* _Task objective_
Below are some records; quote exactly the lines from the one that contains "The dress has" through the one that contains "保育室の中でもいちご狩りが十分に楽しめましたよ🍓😆", inclusive, and no others.

* _Dataset records_

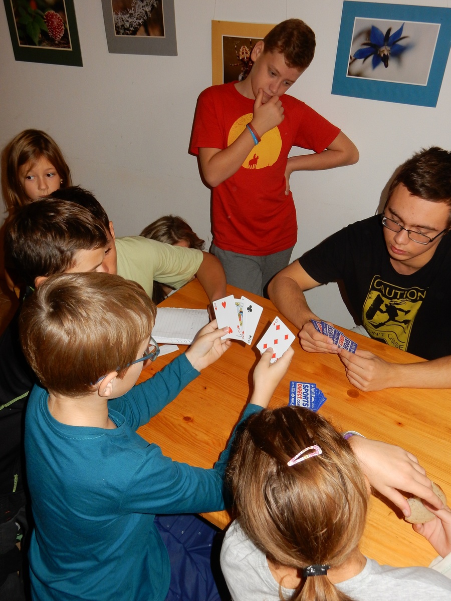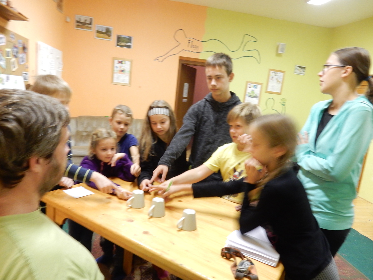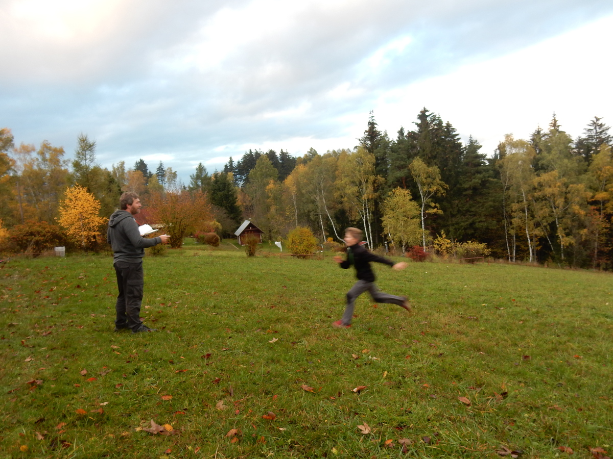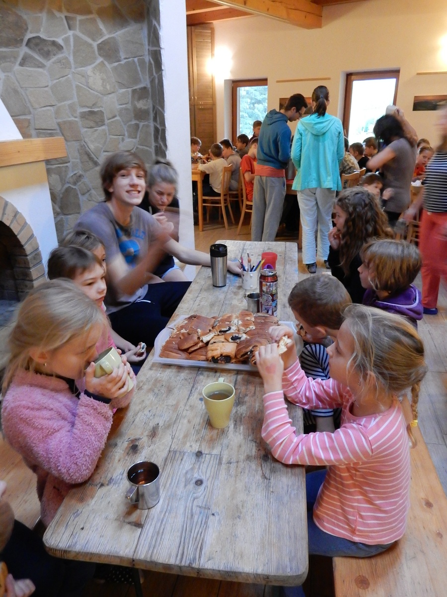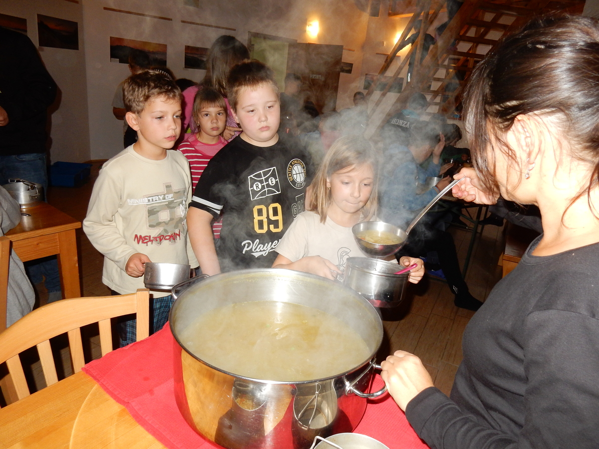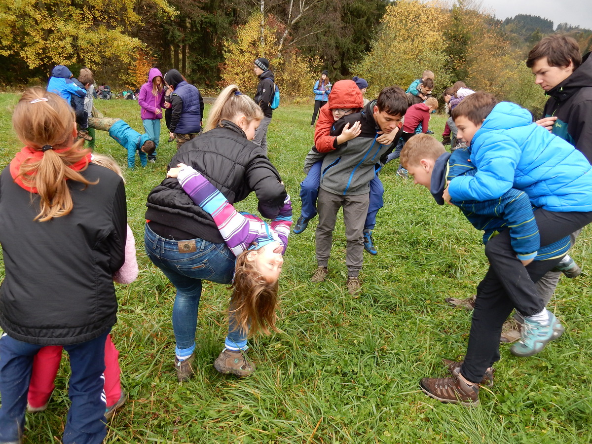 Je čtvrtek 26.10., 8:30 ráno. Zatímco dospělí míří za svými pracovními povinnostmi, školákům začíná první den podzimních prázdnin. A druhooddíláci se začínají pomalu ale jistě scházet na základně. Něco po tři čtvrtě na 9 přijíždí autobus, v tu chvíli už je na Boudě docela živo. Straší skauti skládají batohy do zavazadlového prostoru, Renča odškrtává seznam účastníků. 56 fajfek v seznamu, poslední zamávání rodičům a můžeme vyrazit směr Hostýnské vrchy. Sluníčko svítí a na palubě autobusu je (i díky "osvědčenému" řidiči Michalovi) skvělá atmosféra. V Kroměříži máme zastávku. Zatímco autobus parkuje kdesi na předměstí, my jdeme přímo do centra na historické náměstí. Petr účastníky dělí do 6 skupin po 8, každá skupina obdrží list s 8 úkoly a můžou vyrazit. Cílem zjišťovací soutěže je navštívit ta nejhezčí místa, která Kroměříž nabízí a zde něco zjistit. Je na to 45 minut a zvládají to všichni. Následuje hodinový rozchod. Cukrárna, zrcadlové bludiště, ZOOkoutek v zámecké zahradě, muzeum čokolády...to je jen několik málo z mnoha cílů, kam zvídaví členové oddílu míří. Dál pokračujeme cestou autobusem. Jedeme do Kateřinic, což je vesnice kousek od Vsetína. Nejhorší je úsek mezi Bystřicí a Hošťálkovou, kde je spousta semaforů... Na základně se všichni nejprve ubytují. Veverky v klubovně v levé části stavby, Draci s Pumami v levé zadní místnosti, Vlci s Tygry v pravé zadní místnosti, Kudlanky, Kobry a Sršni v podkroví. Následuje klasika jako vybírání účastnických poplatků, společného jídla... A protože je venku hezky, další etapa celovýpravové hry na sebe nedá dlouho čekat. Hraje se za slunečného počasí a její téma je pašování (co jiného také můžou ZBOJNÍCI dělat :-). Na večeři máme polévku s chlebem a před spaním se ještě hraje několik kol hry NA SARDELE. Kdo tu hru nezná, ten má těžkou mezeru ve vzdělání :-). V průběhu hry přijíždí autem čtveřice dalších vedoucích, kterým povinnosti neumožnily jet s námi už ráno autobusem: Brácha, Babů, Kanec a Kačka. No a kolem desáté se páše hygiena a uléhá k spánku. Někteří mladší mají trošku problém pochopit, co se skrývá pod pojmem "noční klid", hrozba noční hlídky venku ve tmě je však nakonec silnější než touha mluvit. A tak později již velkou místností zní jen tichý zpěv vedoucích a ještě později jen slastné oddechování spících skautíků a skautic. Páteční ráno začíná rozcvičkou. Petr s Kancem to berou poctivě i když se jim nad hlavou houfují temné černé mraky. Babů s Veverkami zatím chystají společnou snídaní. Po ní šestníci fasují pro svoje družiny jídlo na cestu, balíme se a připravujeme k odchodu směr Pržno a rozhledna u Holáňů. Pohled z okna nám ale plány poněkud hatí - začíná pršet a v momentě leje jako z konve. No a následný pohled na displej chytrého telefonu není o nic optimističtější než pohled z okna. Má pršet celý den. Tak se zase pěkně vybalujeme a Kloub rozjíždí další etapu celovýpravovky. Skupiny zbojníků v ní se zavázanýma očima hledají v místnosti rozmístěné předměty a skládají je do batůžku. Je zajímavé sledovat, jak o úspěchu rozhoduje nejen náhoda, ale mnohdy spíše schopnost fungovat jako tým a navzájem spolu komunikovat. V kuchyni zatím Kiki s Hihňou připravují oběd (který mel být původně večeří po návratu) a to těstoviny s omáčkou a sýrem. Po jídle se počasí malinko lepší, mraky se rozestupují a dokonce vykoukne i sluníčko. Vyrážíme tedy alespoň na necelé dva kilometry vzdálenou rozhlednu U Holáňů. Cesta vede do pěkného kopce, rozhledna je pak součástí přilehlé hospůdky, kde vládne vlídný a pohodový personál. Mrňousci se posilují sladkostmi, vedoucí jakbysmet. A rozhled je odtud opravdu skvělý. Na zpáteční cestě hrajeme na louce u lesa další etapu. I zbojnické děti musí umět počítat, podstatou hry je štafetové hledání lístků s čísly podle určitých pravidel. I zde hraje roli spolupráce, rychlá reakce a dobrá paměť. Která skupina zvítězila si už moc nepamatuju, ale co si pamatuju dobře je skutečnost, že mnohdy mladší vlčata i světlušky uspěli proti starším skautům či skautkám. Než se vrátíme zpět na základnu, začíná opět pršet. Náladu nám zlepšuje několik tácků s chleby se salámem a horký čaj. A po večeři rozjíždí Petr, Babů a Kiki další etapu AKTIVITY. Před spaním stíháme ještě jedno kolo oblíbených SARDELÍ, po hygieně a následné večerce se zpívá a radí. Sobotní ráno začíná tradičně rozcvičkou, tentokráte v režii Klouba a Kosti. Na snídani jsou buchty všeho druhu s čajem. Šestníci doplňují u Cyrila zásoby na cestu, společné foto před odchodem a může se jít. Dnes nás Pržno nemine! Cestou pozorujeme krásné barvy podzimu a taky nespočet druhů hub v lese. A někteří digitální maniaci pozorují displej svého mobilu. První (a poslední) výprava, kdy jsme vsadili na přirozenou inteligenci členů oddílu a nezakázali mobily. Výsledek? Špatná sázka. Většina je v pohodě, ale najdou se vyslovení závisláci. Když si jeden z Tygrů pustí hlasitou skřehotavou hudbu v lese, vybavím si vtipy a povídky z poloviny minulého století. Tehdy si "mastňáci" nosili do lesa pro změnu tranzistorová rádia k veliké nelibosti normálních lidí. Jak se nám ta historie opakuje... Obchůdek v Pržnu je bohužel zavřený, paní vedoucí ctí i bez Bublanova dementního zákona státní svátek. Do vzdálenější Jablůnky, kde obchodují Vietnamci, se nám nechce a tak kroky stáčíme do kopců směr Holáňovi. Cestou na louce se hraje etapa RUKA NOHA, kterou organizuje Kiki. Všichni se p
* * *
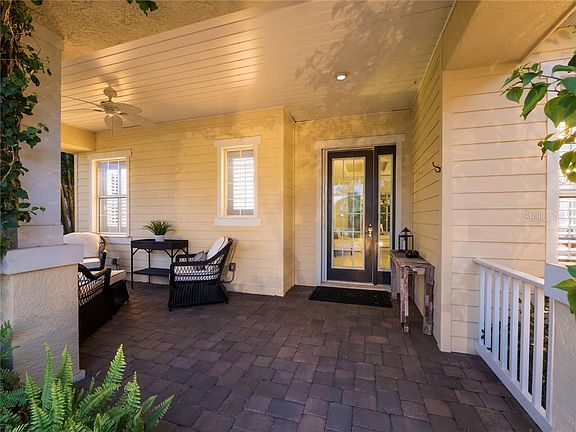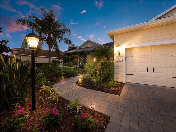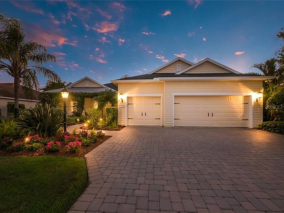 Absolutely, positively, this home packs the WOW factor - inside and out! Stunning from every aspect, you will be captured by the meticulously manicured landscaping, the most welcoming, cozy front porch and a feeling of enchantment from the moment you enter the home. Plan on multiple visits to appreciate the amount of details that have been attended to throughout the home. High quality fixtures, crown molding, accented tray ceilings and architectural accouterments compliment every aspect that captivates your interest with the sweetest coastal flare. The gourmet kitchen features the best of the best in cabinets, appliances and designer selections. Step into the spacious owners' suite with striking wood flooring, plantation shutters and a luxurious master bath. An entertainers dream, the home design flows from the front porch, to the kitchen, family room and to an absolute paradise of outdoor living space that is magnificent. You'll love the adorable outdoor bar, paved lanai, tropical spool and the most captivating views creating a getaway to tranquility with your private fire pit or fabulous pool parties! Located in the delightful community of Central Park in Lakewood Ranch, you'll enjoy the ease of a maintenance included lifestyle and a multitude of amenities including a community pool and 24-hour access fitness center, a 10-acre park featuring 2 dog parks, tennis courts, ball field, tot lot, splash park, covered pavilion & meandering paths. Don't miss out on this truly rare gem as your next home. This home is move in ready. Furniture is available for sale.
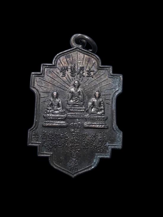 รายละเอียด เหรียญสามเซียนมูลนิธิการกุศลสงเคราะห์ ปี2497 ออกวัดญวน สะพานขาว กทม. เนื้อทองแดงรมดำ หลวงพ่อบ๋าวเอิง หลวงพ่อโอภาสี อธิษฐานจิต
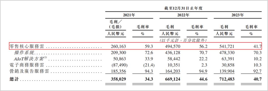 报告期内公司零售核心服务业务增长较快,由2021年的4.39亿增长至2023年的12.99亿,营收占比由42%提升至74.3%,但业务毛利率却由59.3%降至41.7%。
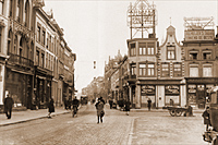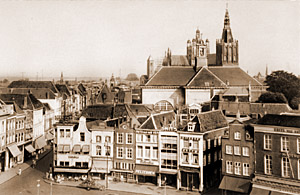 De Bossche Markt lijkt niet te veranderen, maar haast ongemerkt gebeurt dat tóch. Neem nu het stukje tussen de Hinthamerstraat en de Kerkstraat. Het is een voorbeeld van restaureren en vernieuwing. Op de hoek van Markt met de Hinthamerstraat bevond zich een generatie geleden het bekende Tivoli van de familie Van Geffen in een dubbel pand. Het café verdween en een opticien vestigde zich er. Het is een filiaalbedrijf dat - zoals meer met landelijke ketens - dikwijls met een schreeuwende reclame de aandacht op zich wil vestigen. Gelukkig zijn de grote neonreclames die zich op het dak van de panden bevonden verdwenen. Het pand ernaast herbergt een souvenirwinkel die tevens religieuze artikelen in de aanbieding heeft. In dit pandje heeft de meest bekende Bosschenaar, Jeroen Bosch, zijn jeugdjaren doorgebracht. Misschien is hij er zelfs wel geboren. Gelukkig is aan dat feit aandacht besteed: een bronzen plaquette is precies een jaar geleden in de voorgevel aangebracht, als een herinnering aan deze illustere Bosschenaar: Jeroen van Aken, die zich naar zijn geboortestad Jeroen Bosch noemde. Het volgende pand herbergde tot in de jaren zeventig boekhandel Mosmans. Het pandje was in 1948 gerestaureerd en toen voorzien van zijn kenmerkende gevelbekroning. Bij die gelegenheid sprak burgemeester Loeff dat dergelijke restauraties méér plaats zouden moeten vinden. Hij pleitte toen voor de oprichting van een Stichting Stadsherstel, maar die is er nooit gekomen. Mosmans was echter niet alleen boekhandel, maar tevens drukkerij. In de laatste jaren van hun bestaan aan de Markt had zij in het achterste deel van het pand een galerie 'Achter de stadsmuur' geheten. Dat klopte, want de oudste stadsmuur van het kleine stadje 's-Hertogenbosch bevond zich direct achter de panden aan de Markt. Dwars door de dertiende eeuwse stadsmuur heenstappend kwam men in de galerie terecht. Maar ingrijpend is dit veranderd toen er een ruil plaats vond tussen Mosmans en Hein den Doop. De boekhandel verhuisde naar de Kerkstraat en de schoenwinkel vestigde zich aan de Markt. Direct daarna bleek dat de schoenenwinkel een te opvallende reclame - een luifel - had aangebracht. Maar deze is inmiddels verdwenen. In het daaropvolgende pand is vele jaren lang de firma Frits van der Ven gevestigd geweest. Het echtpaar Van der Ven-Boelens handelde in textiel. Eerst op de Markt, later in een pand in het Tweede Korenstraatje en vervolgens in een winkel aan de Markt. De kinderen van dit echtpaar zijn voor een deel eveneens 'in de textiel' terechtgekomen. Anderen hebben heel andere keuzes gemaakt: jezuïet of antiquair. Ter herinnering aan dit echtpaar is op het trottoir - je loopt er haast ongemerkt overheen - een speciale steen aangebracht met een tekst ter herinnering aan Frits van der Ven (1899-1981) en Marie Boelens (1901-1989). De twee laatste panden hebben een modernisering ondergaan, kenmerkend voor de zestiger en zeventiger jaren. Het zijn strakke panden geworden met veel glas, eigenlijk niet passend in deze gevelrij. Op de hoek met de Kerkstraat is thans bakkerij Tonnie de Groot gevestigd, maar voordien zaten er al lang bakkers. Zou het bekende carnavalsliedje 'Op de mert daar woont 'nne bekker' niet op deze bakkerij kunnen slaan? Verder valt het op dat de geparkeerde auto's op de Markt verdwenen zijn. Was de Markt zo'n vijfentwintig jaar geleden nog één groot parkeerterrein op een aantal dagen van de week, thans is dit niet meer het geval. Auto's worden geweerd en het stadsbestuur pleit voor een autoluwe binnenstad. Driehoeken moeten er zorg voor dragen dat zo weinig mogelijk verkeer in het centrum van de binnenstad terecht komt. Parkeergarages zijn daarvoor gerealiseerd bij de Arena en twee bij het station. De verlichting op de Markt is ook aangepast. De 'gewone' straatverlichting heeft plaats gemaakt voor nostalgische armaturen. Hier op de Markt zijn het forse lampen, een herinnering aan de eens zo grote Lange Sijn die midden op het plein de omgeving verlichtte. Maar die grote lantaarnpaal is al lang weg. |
--
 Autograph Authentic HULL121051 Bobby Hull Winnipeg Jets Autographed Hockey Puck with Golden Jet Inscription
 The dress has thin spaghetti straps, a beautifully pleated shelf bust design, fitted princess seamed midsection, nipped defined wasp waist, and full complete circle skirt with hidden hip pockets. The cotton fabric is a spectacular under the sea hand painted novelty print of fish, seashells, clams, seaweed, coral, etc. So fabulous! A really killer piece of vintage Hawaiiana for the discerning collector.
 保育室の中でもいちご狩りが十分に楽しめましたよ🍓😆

* _Answer area_
 The dress has thin spaghetti straps, a beautifully pleated shelf bust design, fitted princess seamed midsection, nipped defined wasp waist, and full complete circle skirt with hidden hip pockets. The cotton fabric is a spectacular under the sea hand painted novelty print of fish, seashells, clams, seaweed, coral, etc. So fabulous! A really killer piece of vintage Hawaiiana for the discerning collector.
 保育室の中でもいちご狩りが十分に楽しめましたよ🍓😆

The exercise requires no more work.